Modern diets valorize skeletal muscle, such as skinless chicken and lean steaks. These tissues contain just 1 to 2 milligrams of hyaluronan per 100 grams; a standard steak provides a scant 5 milligrams2 . Plants contain none.
The Ancestral Hyaluronan Baseline
Anthropological data from the Hadza, Ju/’hoansi, and Aché attest how whole-animal consumption maintained high hyaluronan levels3. By eating the skin, marrow, and organs we now discard, these populations harvested the densest connective tissue sources available.
Ancestral life fluctuated between abundance and scarcity. In lean seasons, savanna populations relied on gathered plants but maintained a 10 to 40 milligram hyaluronan supply by scavenging every scrap of marrow and small game. Bone broth is the final remnant of this tradition, a culinary echo of our once-ubiquitous fascial intake.
A successful hunt fundamentally changed these ancestral proportions. An animal’s fascial networks, skin, and synovial fluid are saturated with hyaluronan, holding roughly 50 to 150 milligrams per 100 grams4. By utilizing the whole animal, the tribe transitioned their biological baseline into a high-saturation state, reaching a daily intake range of 150 to 350 milligrams5.
Hunter vs. Gatherer Mode
Modern diets stall the system in a permanent gatherer mode. Because the fascia no longer recognizes the hunt, it de-prioritizes structural restoration, causing the chronic stiffness we mistake for aging. Ancestrally, dietary hyaluronan operated as a metabolic governor. Consumption of a fresh kill triggered hunter mode, providing the sustained biological command and the necessary building blocks to repair the micro-architectural tears of the hunt through large-scale fascial remodeling6.
The Bioavailability Problem
A geometric bioavailability paradox complicates the intuitive idea that ingested hyaluronan simply migrates to the fascia; its physical scale alone blocks direct tissue delivery. In its native, high-molecular-weight form, hyaluronan is already a sprawling biopolymer whose molecular mass alone exceeds the intestinal transport threshold.

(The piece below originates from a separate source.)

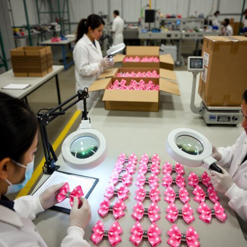 - Assembly attaches the bow to metal or plastic clips using adhesive like hot glue or stitching, ensuring a secure bond that withstands handling and enhances product reliability to lower return rates.

The molecule binds up to 1,000 times its weight in water, further amplifying this scale into a massive hydrodynamic volume. Consequently, its systemic bioavailability is negligible in its native state, as the intestinal epithelium functions as a size-exclusion barrier that prevents these massive polymer chains from entering the bloodstream to reach target tissues7.
Unlocking the Hunter Mode Supply and Signal
Your microbiome governs this transition. By enzymatically cleaving high-molecular-weight hyaluronan, specialized bacteria simulate the structural fragmentation of the hunt, releasing the specific fragments required to bypass the intestinal barrier and trigger the hunter mode signal8. This fermentation process nourishes the gut lining as a premium prebiotic thereby optimizing the Firmicutes-to-Bacteroides ratio.
Exogenous fragments alleviate the biosynthetic burden of de novo hyaluronan production, optimizing systemic metabolic efficiency9. Once absorbed, these fragments act as both the substrate supply for hyaluronan production and the biological signal for repair.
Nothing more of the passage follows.